A decade and a half later, Slater’s vision of an unconventional vocal ensemble continues to bear rich fruit, and Invenio serves as a beacon of creativity and commitment in Melbourne’s art music community. Slater now has a collective of about 30 dedicated singers to draw from, 12 of whom performed at Tempo Rubato on Thursday night.

This concert marked Invenio’s 15th anniversary, and the program ranged widely across the group’s extensive back catalogue. It opened with Banterer (from Gone, Without Saying), where the singers held various kitchen implements – bowls, saucers, teacups – in front of their mouths as they twittered, stuttered and whispered, before coalescing into unison syllables and rhythmic cycles that intersected and overlapped with perfect precision.

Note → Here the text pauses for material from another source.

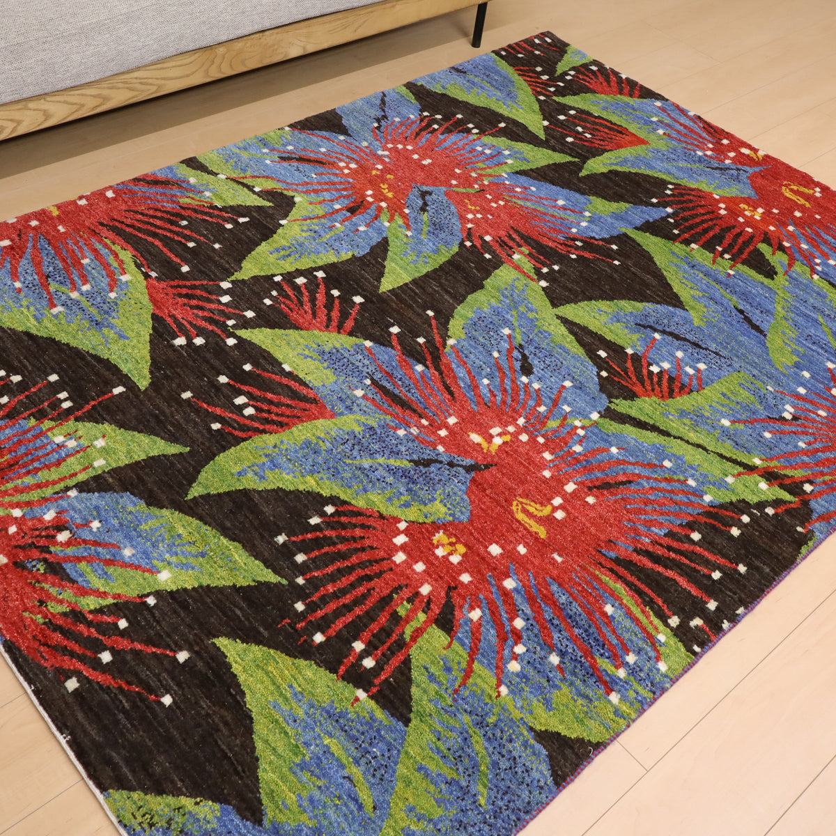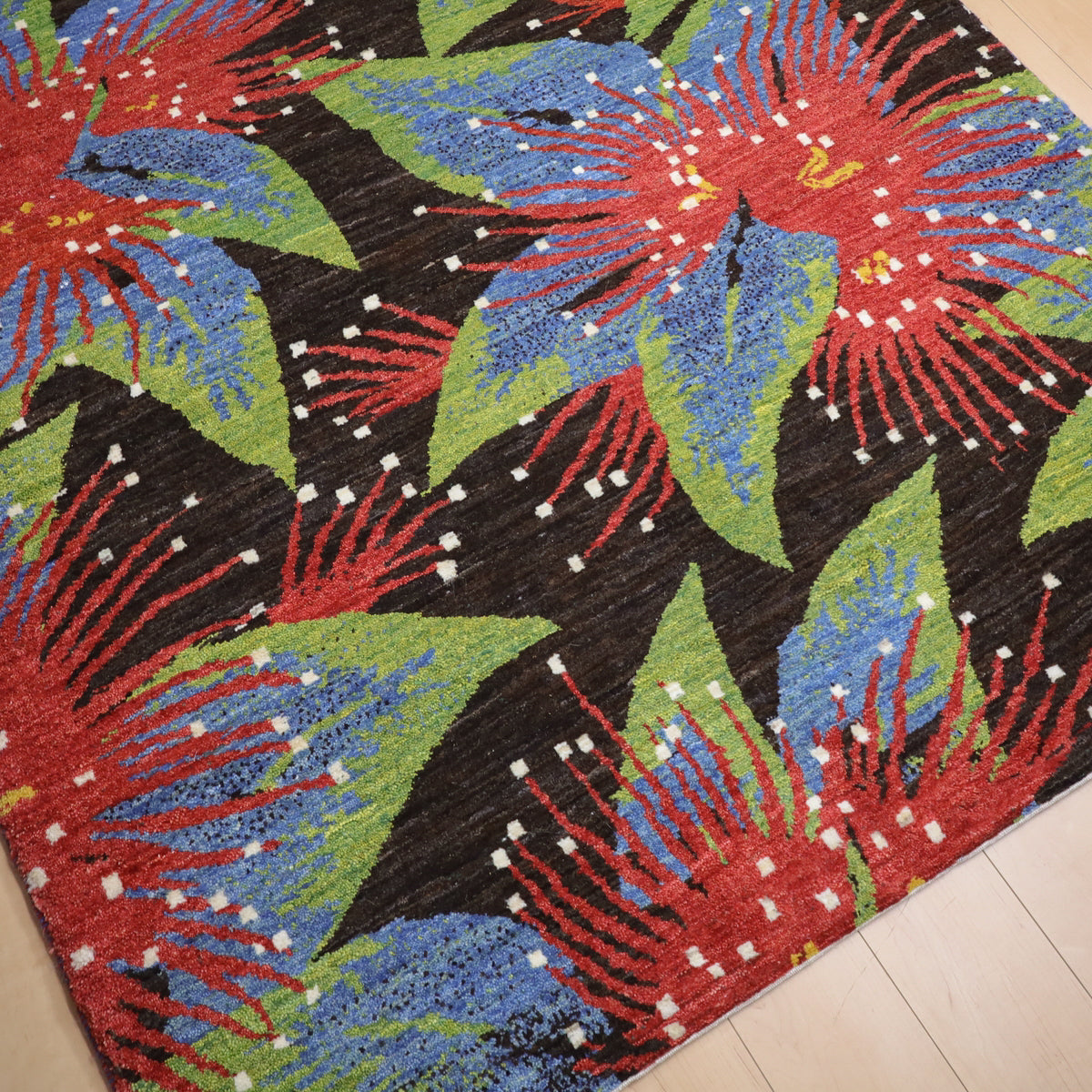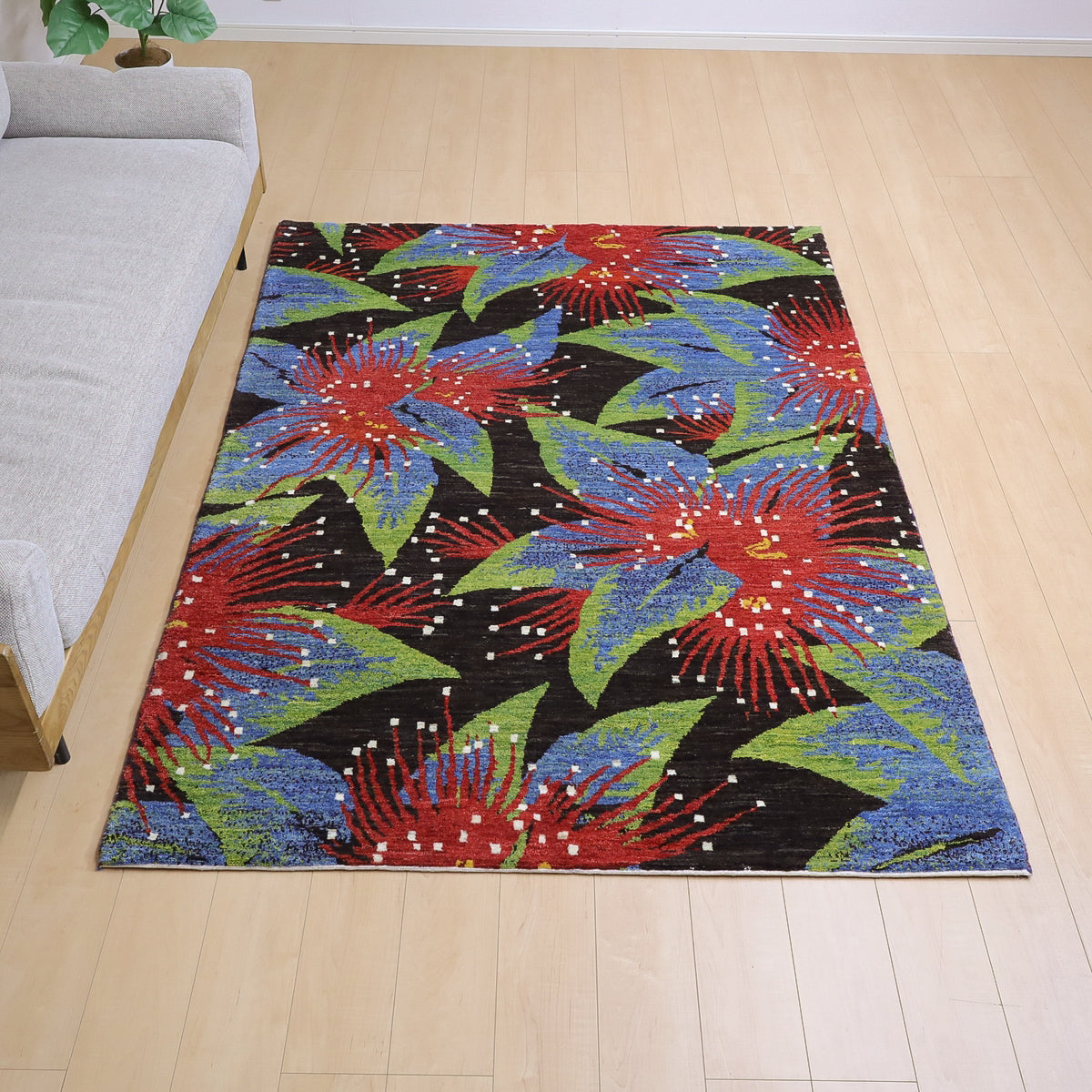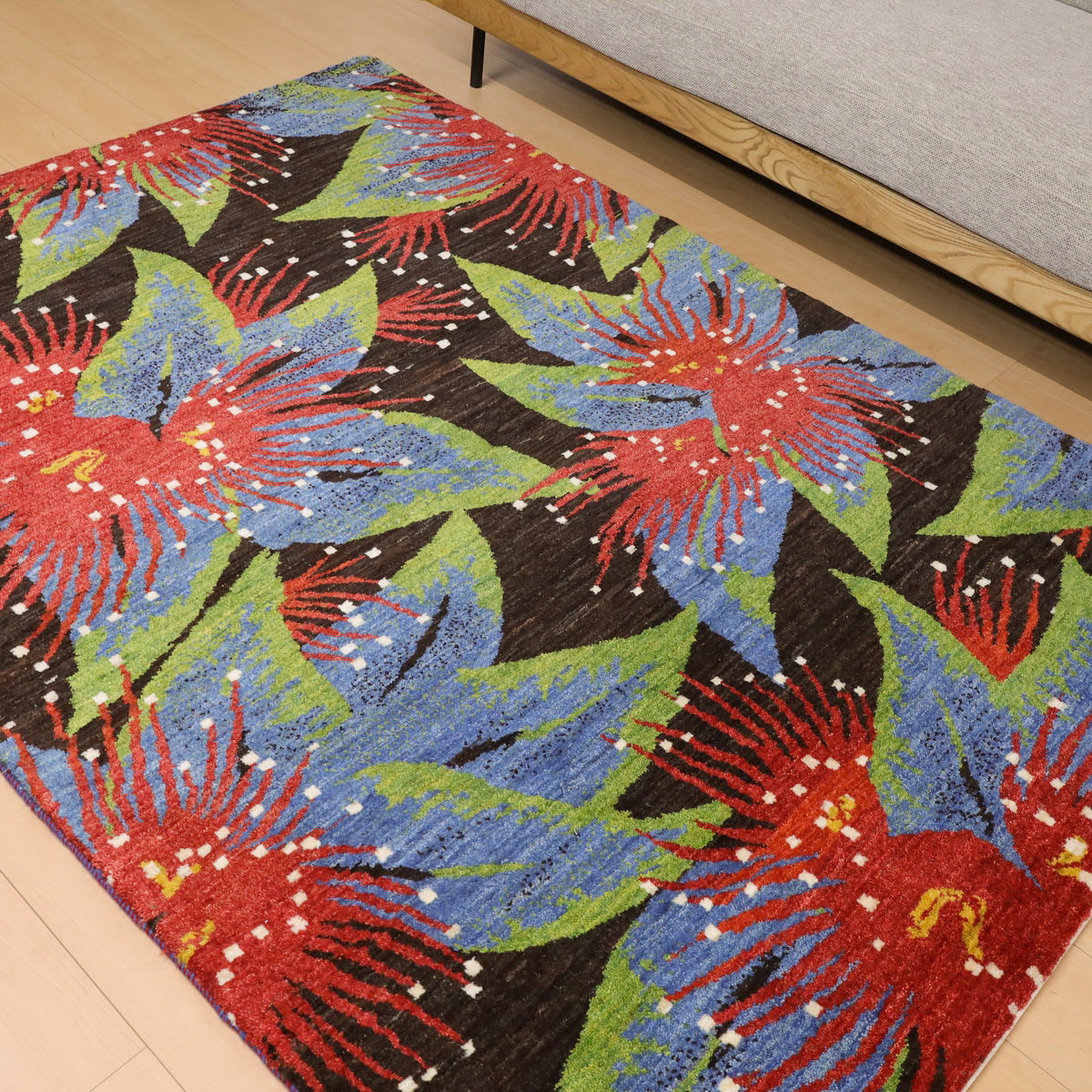 こげ茶色の背景に大きくスパークするような百合の花。青と緑と赤の取り合わせ、モダンなアート作品を飾るようにお部屋に敷いてインテリアに個性を加えるような使い方がおすすめです。見る人に力強いエネルギーと躍動感を感じさせながらも、手織りの温かみや天然のウール素材の素朴さ心地よい存在感のある品です。

Fight Eyes had the feel of an evocative folk song, with lush three-part harmonies that occasionally diverged into subtle trills or sustained drones. On Growing Pains, the bass and tenor voices sang the lyrics, while the altos and sopranos quivered, pulsed and slid up and down in a series of elongated, wordless sighs.

Unconventional vocal ensemble, Invenio.

Unconventional vocal ensemble, Invenio.

And for Warm Bodies – perhaps the most affecting piece of the night – the singers moved down the aisles and along the back of the room as they sang, enveloping the audience in a delicate harmonic field that resonated with a hushed, almost hymnal beauty.

We also heard three new pieces from a forthcoming album, suggesting that while 15 years is an impressive milestone, Invenio’s journey of inspiration and discovery is far from over. Long may it continue.